While to the best of our knowledge no work is published on the verbalization of SPARQL queries, related work comes from three areas: verbalization of RDF data [5, 15, 24, 25, 29], verbalization of OWL ontologies [1, 3, 4, 79, 11, 12, 14, 20, 23, 26, 28], and verbalization of SQL queries [13, 16, 17]. Although the first two fields provide techniques that we can apply to improve the lexicalization and aggregation tasks, such as the template-based approach presented in [5], the document structuring task, on which we focus here, is rarely explored. Compared to the SQL verbalization work by Minock [16, 17], where they focus on tuple relational queries, our problem of verbalizing SPARQL queries is different in the sense that we strive for having a generic approach that can be applied to any datasource without being tied to any schema. Patterns need to be manually created to cover all possible combinations for each relation in the schema whereas in our work we defined a set of message types that are schema-agnostic. Koutrika et al. [13] annotate query graphs with template labels and explore multiple graph traversal strategies. Moreover, they identify a main entity (the query subject), perform graph traversal starting from that entity, and distinguish between cons (subject qualifications) and req (information).

5 Conclusions and Outlook

For the task of verbalizing SPARQL queries we focused on a subset of the SPARQL 1.1 standard which covers 90 % of the queries in a corpus of 209 SPARQL SELECT queries. Evaluation will have to show the representativeness of this corpus compared to real-life queries and the qualities of the verbalizations generated using our SPARTIQULATION system. While in our architecture \(6\) tasks are needed to generate verbalizations, our main focus has been the task of document structuring which we described in this work.
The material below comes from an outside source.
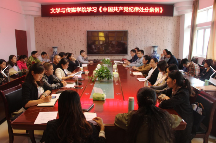 文学与传媒公司党委组织学习《中国共产党纪律处分条例》 9月28日,文学与传媒公司党委召开党员大会,专题学习新修订的《中国共产党纪律处分条例》。会上,公司党委书记韦丹强调了学习贯彻《中国共产党纪律处分条例》的重要性,领学了《中国共产党纪律处分条例》(以下简称《条例》)总则。韦丹书记要求,全体与会人员要深刻领会《条例》的重要历史意义,会后要继续通过自学及支部会议学习等形式,进一步深入学习《条例》内容,...

In order to realize the full verbalization pipeline, \(5\) other tasks need to be explored in future work. Since the current approach is mostly schema-agnostic – only terms from the vocabularies RDFa and RDFS as well as a list of labeling properties from various vocabularies are regarded – we believe that this approach is generic in terms of being applicable to queries for RDF datasources using any vocabularies. However, in the future the tasks of lexicalization can be improved by regarding schemas such as FOAF and OWL. FOAF is interesting since if an entity is a foaf:Person, it can be treated differently. For example the person’s gender can be regarded. OWL is interesting since if it is known that a property is functional, then the singular form can be used instead of, as per default, the plural form.Footnote 12 Having message types designed for specific vocabularies allows to tailor the verbalization to a specific use case and may lead to more concise verbalizations. In the current implementation, message types are hard-coded thus limiting the flexibility of the approach. Having the possibility to load a set of message types into the system would add the possibility to integrate automatically learned or application-specific message types.